Crete Carrier Corporation is an American trucking company headquartered in Lincoln, Nebraska. The company comprises three divisions—Crete Carrier, Shaffer Trucking, and Hunt Transportation—and offers freight transport services across the contiguous United States.

== History ==
Crete Carrier was founded by Ken Norton in 1966 in Crete, Nebraska. The company served as a contract carrier in its early years, shipping goods for customers such as Alpo pet food.

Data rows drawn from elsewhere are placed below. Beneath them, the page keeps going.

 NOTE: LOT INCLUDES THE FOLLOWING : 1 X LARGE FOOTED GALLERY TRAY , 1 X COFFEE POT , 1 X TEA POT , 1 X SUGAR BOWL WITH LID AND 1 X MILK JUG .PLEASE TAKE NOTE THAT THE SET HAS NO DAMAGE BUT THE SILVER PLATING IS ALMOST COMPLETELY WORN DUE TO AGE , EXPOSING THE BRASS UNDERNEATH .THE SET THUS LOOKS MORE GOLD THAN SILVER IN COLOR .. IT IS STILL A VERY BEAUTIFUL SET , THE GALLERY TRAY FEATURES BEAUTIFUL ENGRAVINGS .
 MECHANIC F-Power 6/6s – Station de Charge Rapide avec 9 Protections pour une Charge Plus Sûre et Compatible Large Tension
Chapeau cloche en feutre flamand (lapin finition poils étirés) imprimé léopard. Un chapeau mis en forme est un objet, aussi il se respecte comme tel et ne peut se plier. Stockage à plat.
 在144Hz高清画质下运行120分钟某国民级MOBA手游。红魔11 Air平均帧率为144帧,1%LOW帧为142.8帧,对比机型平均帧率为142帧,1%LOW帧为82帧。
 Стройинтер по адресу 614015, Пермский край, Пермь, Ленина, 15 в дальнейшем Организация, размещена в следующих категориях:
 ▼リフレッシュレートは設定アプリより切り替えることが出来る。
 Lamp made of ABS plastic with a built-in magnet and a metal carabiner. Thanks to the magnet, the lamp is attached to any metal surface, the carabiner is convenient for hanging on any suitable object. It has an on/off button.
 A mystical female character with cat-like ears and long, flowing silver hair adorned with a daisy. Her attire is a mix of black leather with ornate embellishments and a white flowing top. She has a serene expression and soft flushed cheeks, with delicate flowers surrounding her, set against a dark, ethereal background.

In 1971, Crete Carrier was acquired by Duane Acklie, the company's attorney, and his wife Phyllis, who borrowed $8,000 to complete the purchase. The company relocated its headquarters to Lincoln, Nebraska, in 1973.

In 1974, the company acquired Shaffer Trucking, a refrigerated carrier based in New Kingstown, Pennsylvania. In 1979, the company acquired another refrigerated carrier, Sunflower Carriers, based in York, Nebraska.

In 1999, the company acquired Hunt Transportation (no relation to J. B. Hunt), a trucking company based in Omaha, Nebraska, that focused on heavy machinery transport.

By 2005, Crete Carrier Corporation employed more than 3,000 drivers and maintained a fleet of more than 3,400 tractors and 8,200 trailers.

In 2012, Crete Carrier Corporation launched five new trucks decorated to honor the U.S. Armed Forces as its Patriot Fleet.

== Operations ==
Crete Carrier Corporation is a privately held company that provides freight transport services across the contiguous United States. The company comprises three divisions: Crete Carrier, providing dry van services; Shaffer Trucking, providing refrigerated services; and Hunt Transportation, providing flatbed services. As of 2025, the company maintains a fleet of more than 5,000 tractors and 13,000 trailers.